Wow! That IS a jungle!


----------



## Tentacles (Jun 25, 2006)

It does look fantastic. Whats the fluffy plant in the centre rear that is growing like mad? You can see the roots going into the soil at the front... they're very happy plants.

Is it a betta and a gourami in there? Just two fish.

You're talking northern hemisphere north, so the side of no direct light? 20 US gallons? 

What are the dimensions? It looks longer than 2ft which is what I think 20USG is (sorry, I'm metrically-impared).


----------



## flagg (Nov 29, 2004)

Tentacles said:


> It does look fantastic. Whats the fluffy plant in the centre rear that is growing like mad? You can see the roots going into the soil at the front... they're very happy plants.
> 
> Is it a betta and a gourami in there? Just two fish.
> 
> ...


Actually, the tank has one adult male guppy and a couple of babies, the dwarf gourami you see in the pic (he's coming out soon) and three cories. Yes, I'm in No. America and I apologize, the tank actually faces SW. I gets lots of direct light most of the day.

As to the length, yes, it is longer than 2 feet, it's 30" x 12" x 12" give or take a few fractions of an inch.

-ricardo


----------



## Tentacles (Jun 25, 2006)

Thanks. No algae problems?

(Downunder 'south' is the shady side of the house, so it gets a little confusing. Everytime I open APC, I have to open a range of converters and check the location of the poster if I want to know what's going on!).


----------



## onemyndseye (May 12, 2006)

flagg -

Great looking tank there !!! I just love the jungle look 

I've got one window in my office that faces West'ish (the same window that did have the Sunfish tank in .. ) ....every time I see you guys post with your sunlight suplentmented tanks it make me want to try it again.. Most of my windows have VERY dark tint on them as I am mostly a vampire  LOL.... as to say I've been a night worker for about 8 years now.

Good Job!
-Justin
One Mynds Eye


----------



## flagg (Nov 29, 2004)

Thanks Justin! Maybe you can untint one of your windows? 

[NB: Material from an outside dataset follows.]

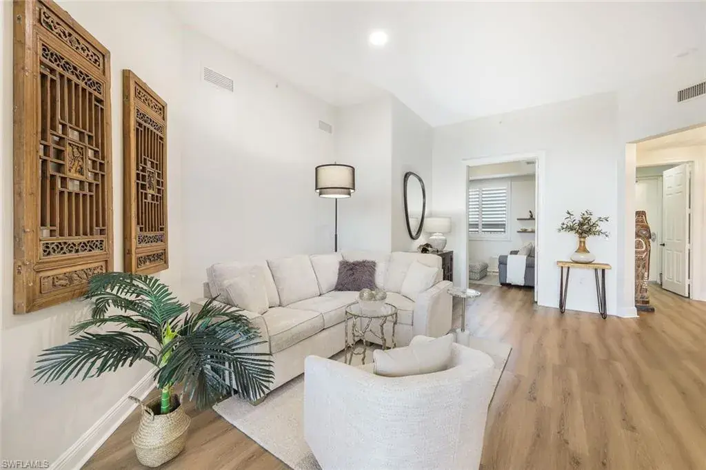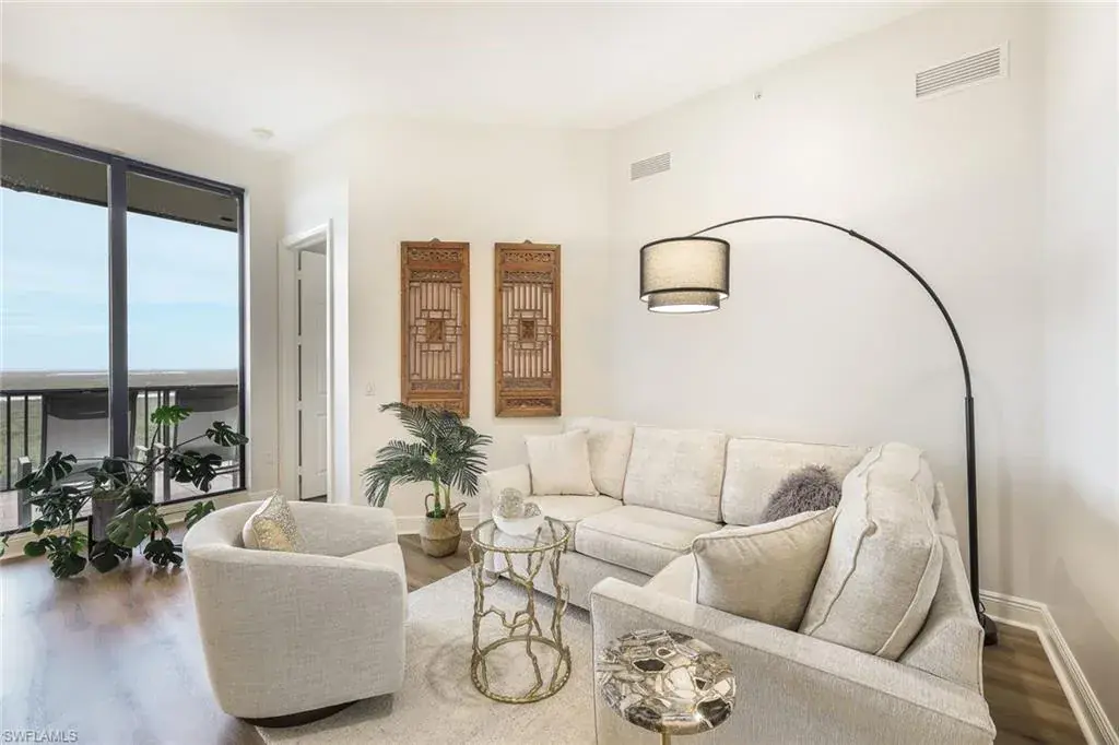 Luxurious living and Breathtaking views from this Serano Penthouse at Hammock Bay is just a start. The moment you exit the secured elevator you’re greeted by your private foyer that says Welcome Home! Upon entering this 3 bedroom, 2 bath Penthouse the first thing you’ll notice is the high 11 ft ceilings, open floor plan, stunning furnishings and how light and bright it is. (3rd Bedroom is setup as a den). This Professionally decorated Penthouse is Furnished/Turnkey. The kitchen was remodeled last year with new Quartz countertops with matching backsplash and all new flooring through-out. The stainless-steel kitchen appliances, A/C, and water heater were all replaced 3 years ago. Panoramic views from you screened lanai overlook the bay and Gulf of Mexico making it easy to sit back, relax and watch the stunning Sunsets. It’s time to enjoy that resort style living in this gated community with unbelievable amenities including a theater, social room, fitness center, resort-style pool & spa, grilling area, guest suites, covered parking, extra storage and more. Who said Dreams don’t come true, it’s time you live in this Serano Penthouse and enjoy this luxurious lifestyle.

Tentacles: There is actually hair algae in the tank. The gourami uses it to make his bubblenest! It also grows amongst the "bushy" plant you asked about before which I think is a cabomba, but I'm not 100% positive.

-ricardo


----------



## Tentacles (Jun 25, 2006)

Ahhh... cabomba would make sense... it's illegal here now. Too vigorous!


----------



## flagg (Nov 29, 2004)

Thought ya'll might appreciate some pics of the morning sun streaming into the tank.... Enjoy!

-ricardo


----------



## Minipol (Jul 4, 2006)

Excellent looking tank. Mine is even more jungle like because of the predominance of small vals. In the future i will redo it and plant so other plants so i at least have some variety in plants 

I really like the sun getting in the tank. Looks super !


----------



## Mud Pie Mama (Jul 30, 2006)

Yes! Very beautiful tank photos, especially with the sunlight streaming in. Thanks for sharing; you've given me some needed encouragement. I have new tank which has been sitting empty smack in front of a south facing sliding glass door as I've been researching and weighting my options.


----------



## AndyT. (Jun 28, 2006)

Wow, I love it... especially the sunlit pictures.


----------